Assigned task =>
Of the lines listed below, return exactly those that run from the line containing "tergicristallo heavy duty" through the line containing "Shop NowWrap yourself", both included.

Provided data =>
.....
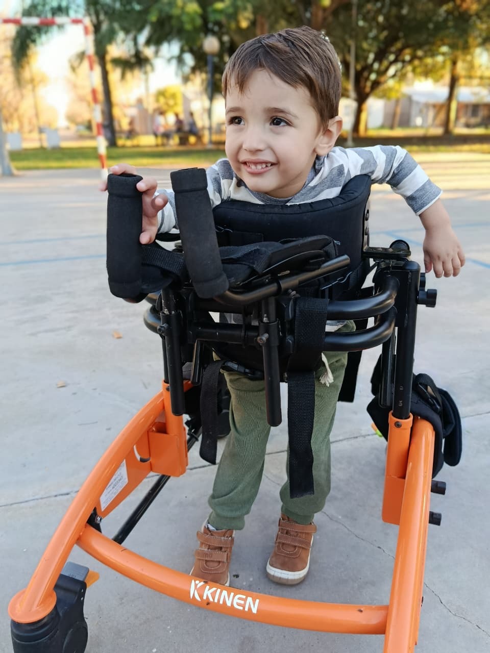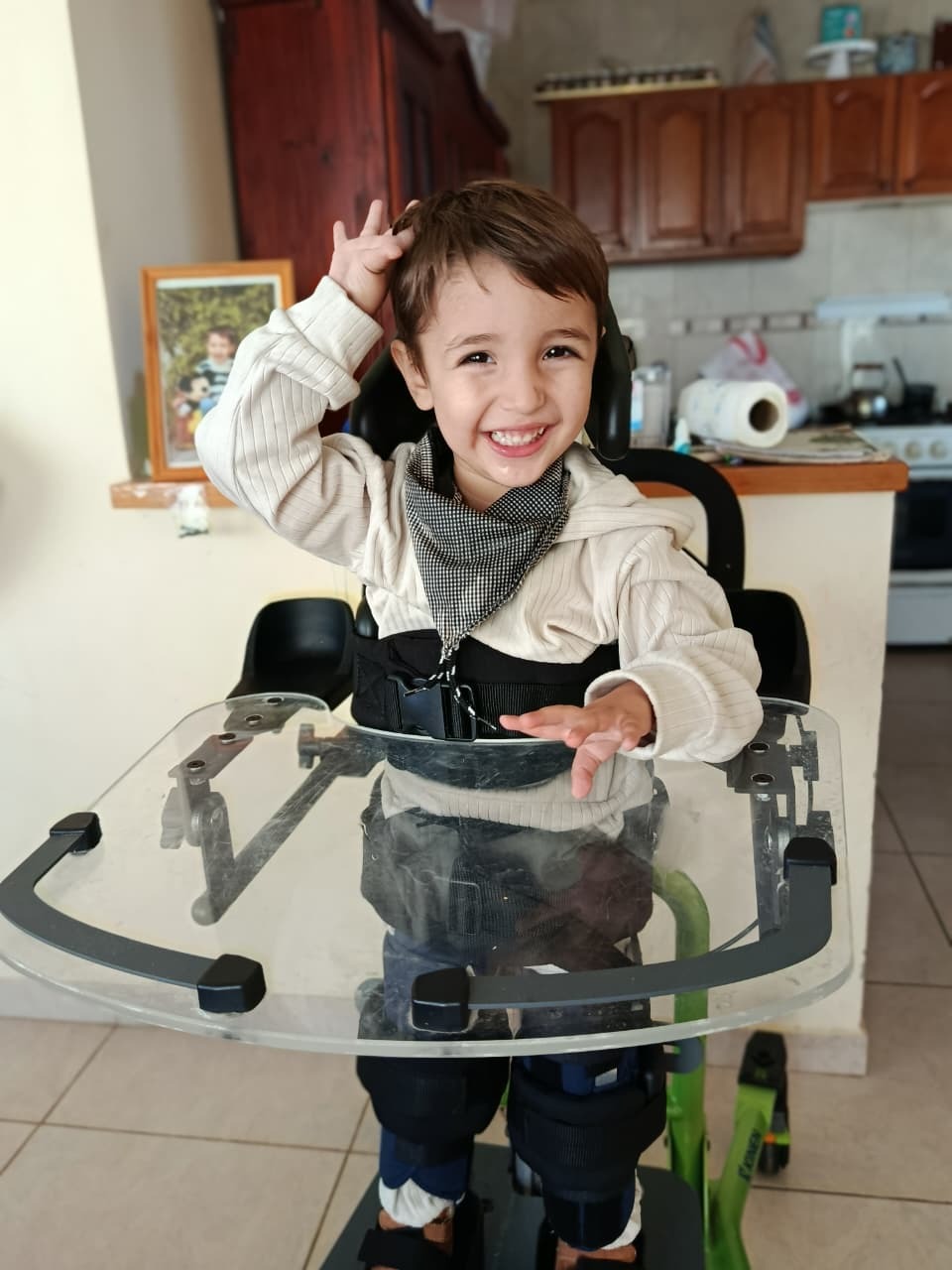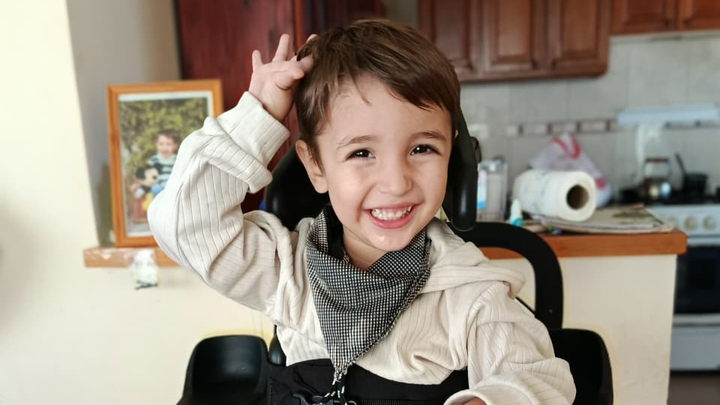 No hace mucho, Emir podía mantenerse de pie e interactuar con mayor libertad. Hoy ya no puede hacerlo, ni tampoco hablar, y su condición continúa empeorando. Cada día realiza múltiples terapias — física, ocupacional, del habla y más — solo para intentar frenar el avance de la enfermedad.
.....
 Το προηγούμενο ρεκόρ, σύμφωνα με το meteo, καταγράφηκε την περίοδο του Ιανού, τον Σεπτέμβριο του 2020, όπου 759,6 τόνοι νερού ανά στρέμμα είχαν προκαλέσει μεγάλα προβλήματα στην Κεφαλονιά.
.....
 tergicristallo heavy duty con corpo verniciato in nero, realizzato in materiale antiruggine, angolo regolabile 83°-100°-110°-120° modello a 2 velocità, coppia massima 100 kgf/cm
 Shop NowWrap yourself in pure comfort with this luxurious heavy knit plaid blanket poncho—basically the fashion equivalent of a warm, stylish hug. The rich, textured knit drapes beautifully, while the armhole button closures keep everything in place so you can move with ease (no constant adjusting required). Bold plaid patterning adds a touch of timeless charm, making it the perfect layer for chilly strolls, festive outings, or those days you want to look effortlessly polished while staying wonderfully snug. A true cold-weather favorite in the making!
.....
Solution for this task =>
 tergicristallo heavy duty con corpo verniciato in nero, realizzato in materiale antiruggine, angolo regolabile 83°-100°-110°-120° modello a 2 velocità, coppia massima 100 kgf/cm
 Shop NowWrap yourself in pure comfort with this luxurious heavy knit plaid blanket poncho—basically the fashion equivalent of a warm, stylish hug. The rich, textured knit drapes beautifully, while the armhole button closures keep everything in place so you can move with ease (no constant adjusting required). Bold plaid patterning adds a touch of timeless charm, making it the perfect layer for chilly strolls, festive outings, or those days you want to look effortlessly polished while staying wonderfully snug. A true cold-weather favorite in the making!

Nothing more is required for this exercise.